Chocolate Caramel Tarts with Sea Salt

To recap from last week, I posted a tart recipe and talked about how my husband helped out by making the citrus curd. Well, we've teamed up again this week to make chocolate tarts and he made the caramel. This recipe is not hard but it does require time and patience. The end result, however, is very much worth the effort.


Tart Shell Ingredients:

½ cup butter, softened
½ cup + 1 tablespoon powdered sugar
1 large egg yolk
¾ teaspoon vanilla
1 ¼ cup flour
¼ cup unsweetened cocoa powder

Cream together the butter and powdered sugar, in a stand mixer or in a bowl with a hand-held electric mixer, until combined; about 1 minute. Add the egg yolk and vanilla, beating until smooth. Sift in the flour and cocoa powder, then beat on low speed just until combined. Turn the dough out onto a piece of plastic wrap and knead for a few seconds. Form the dough into a disk, wrap it in the plastic wrap, and chill in the refrigerator for 1 hour or up to 3 days.

This tart can be made in one 9 inch tart pan with removable bottom, or in four 4 ½ inch tart pans with removable bottoms. If using the smaller tart pans, divide the dough into four equal pieces before proceeding. Roll the dough out to a 1/8 inch thick circle. (I find dough is easier to roll out if you place it between two sheets of waxed paper or parchment paper.) Place the dough into the pan(s) and press gently against the bottom and sides to remove air pockets. Trim off excess dough around the edges of the pan and use to fill in any cracks, gaps, holes, etc. Generously prick the bottom of the dough with a fork and chill for 20 minutes. Meanwhile, preheat the oven to 325 degrees.

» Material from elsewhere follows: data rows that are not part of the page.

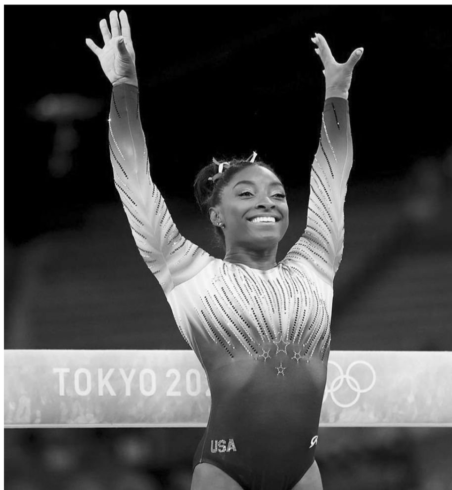
Simone Biles, multimeditallista en los dos últimos Juegos Olímpicos.

El 'US Classic' reúne a la elite de las gimnastas estadounidenses y sirve como evento clasificatorio para los Campeonatos de Gimnasia de Estados Unidos, previstos del 24 al 27 de agosto en San José (California).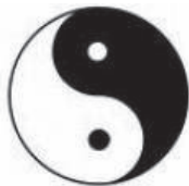
Fig. nr. 1 – Simbolul yin-yang

Simbolul tao -ist care reprezintă conceptul yin-yang este următorul: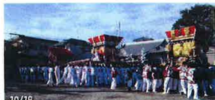
10/19 西江井・東嶋・東江井 勇壮な布団太鼓3基の屋台練り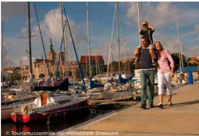
Am Hafen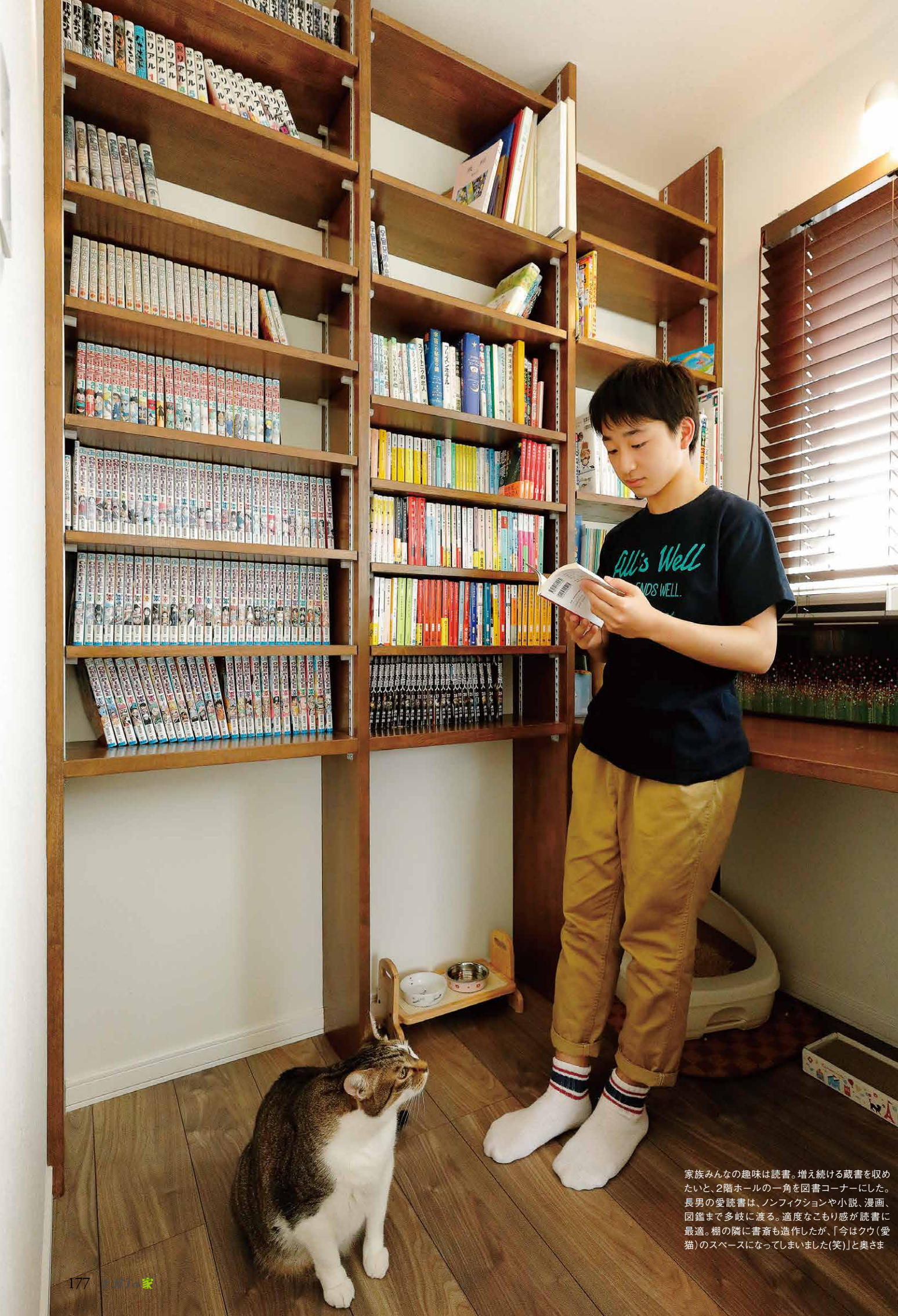
家族みんなの趣味は読書。増え続ける蔵書を取めたいと、2階ホールの一角を図書コーナーにした。長男の愛読書は、ノンフィクションや小説、漫画、図鑑まで多岐に渡る。適度なこもり感が読書に最適。棚の隣に書斎も造作したが、「今はクウ(愛猫)のスペースになってしまいました(笑)」と奥さま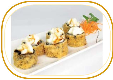
144. HOSSO FRITTO (6pz) €5,00 (riso aceto, alghe, salmone, philadelphia esterno, salsa teriyaki)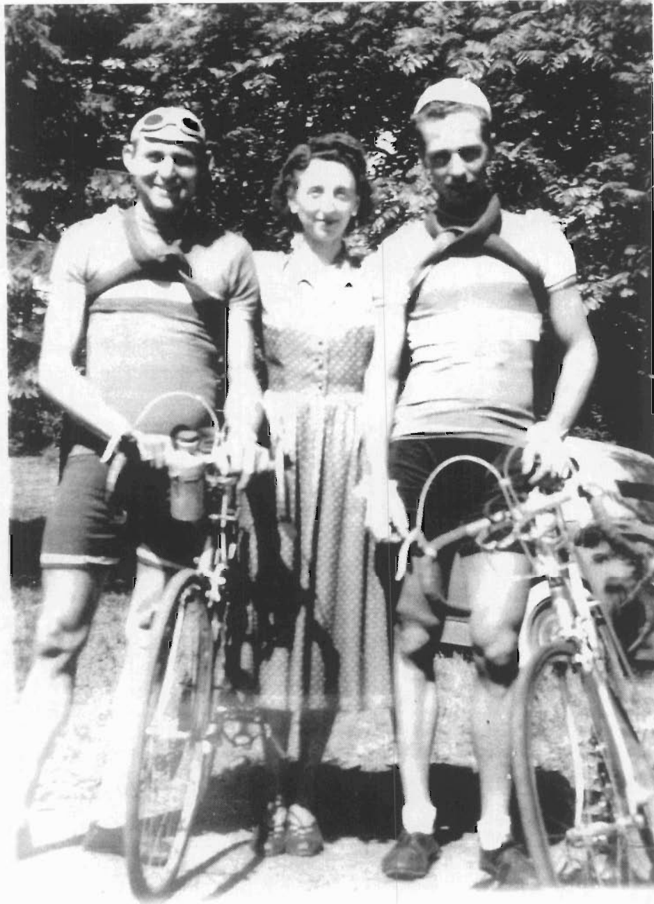
Vóór de start te Zomergem 1945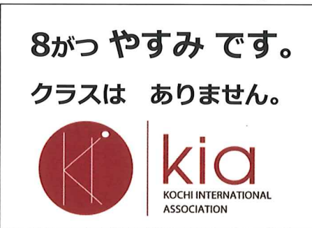
2024 8 August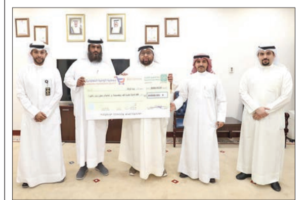
وفد «الوفرة السكنية» تسلّم زكاة مالها

في خطوة تبرز مدى اهتمام إدارة جمعية الوفرة السكنية بالجانب الإنساني والاجتماعي، وإيماناً منها بدور الزكاة؛ تلك الفريضة السامية، سلمت الجمعية باكورة زكاة أموالها، وفقاً للمعايير والأسس الشرعية، إلى بيت الزكاة، تفعيلًا لدوره في المشاركة المجتمعية والتخفيف عن كاهل الأسر الأولى بالرعاية ومشاركة من جمعية الوفرة السكنية لبيت الزكاة للقيام بدوره الإنساني والخيري.

Bake for 20 minutes and set aside to cool.

Caramel Ingredients:

½ cup water
2 cups sugar
dash of lemon juice or ¼ cup light corn syrup*
½ cup butter
½ cup heavy cream
2 tablespoons sour cream or crème fraiche

* David Lebovitz has very good information here about using or not using corn syrup in baking: http://www.davidlebovitz.com/2009/01/why-and-when-to-use-or-not-use-c/
We used a dash of lemon juice.

Note: For more great information about the science behind making caramel, visit this link at Fine Cooking magazine: http://www.finecooking.com/item/60729/the-science-of-caramel

Disclaimer: I did not receive any kind of incentive or compensation for mentioning either of these sources.

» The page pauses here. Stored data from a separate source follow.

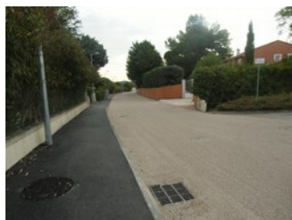
Rue des Bousigues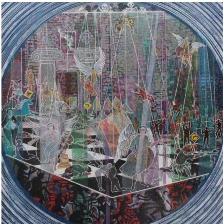
Arte de José Huerto Wong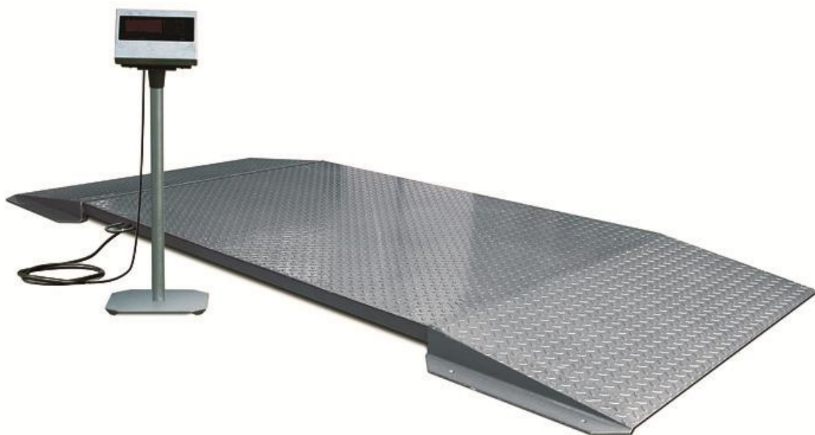
Рисунок 1 – Общий вид ГПУ модификации ПВ

Схема пломбировки от несанкционированного доступа и обозначение мест нанесения знака поверки представлены на рисунках 3, 4.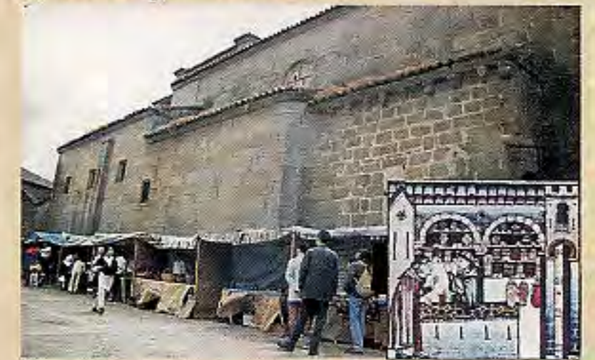
Mercado Medieval de San Felices.

La más célebre fiesta de la Villa, El Noveno , tiene su origen en una habitual imposición feudal. El cobro de la renta feudal por parte del Duque de Alba, correspondía a la novena parte de de la producción anual de cada habitante - de ahí su nombre - . Se intituyó en 1504, no sin la protesta de los " Hombres Buenos de la Villa ". Hasta tres siglos después no se aboliría tal práctica, según sentencia del 11 de Mayo de 1851.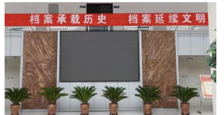
班电分公司悬挂宣传横幅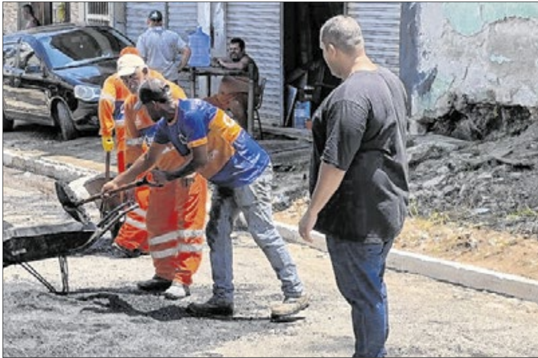
Mutirão foi realizado no bairro da Pedreira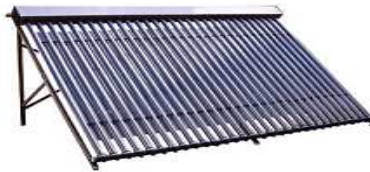
Kolektor rurowy próżniowy Typu HEAT – PIPE ( rurka ciepła)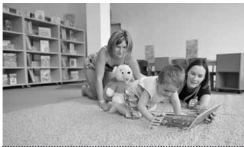
„Dětský ráj“ pro nejmenší čtenáře, oddělení pro děti a mládež Regionální knihovny Karviná

Regionální knihovna Karviná (dále jen RKK) usilovala o vybudování své ústřední knihovny bezmála 45 let. Díky podpoře našeho statutárního města byl záměr rekonstrukce knihovny zařazen do Integrovaného plánu rozvoje měst a byla podána žádost o dotaci z Regionálního operačního programu Moravskoslezského kraje v Ostravě. Smyslem projektu bylo vytvořit moderní městský vzdělávací, informační, komunitní a kreativní komplex s kvalitními službami a uživatelským komfortem.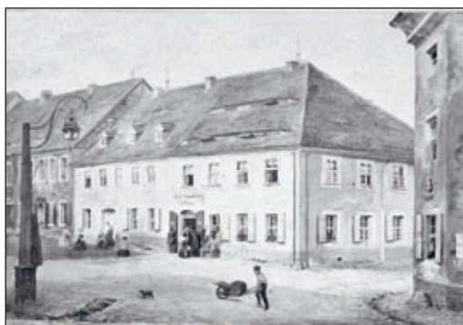
Wilsdruff, Ecke Marktgasse, Zeichnung, 19. Jh.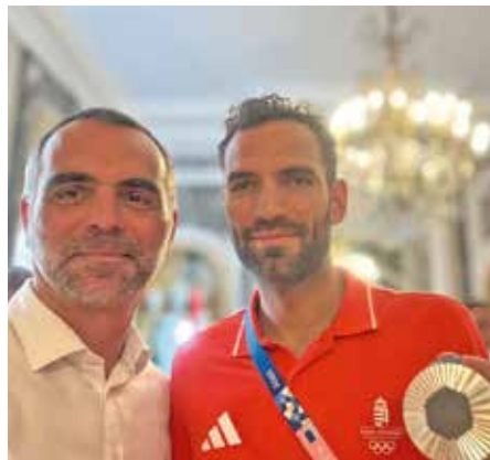
A háromszoros olimpiai bajnok vívó Szilágyi Áronnal, aki Párizsban csapatban ezüstérmet szerzett

Place water, sugar, and lemon juice/corn syrup in a large saucepan to cook over medium-high heat. I would not suggest walking away at this point; however, you will not be doing anything but watching until the syrup starts to color. When you see amber streaks in the mixture and begin to smell the caramel, swirl the pan a few times to even out the color. Remove the pan from the heat and very carefully whisk in the butter, heavy cream, and sour cream/crème fraiche until smooth. Pour the caramel into the tart shell(s) and let set at room temperature for at least 45 minutes.

Ganache Ingredients:

½ cup heavy cream
3 ½ ounces bittersweet chocolate, chopped
coarse sea salt or fleur de sel, for garnish

Bring the cream to a boil in a small saucepan over medium-low heat. Place the chocolate in a bowl and pour the cream over it. Wait for 2 minutes and then whisk the ganache until smooth. Pour the glaze over the tart(s) and let set at room temperature for 2 hours. Sprinkle the tart(s) with salt and serve.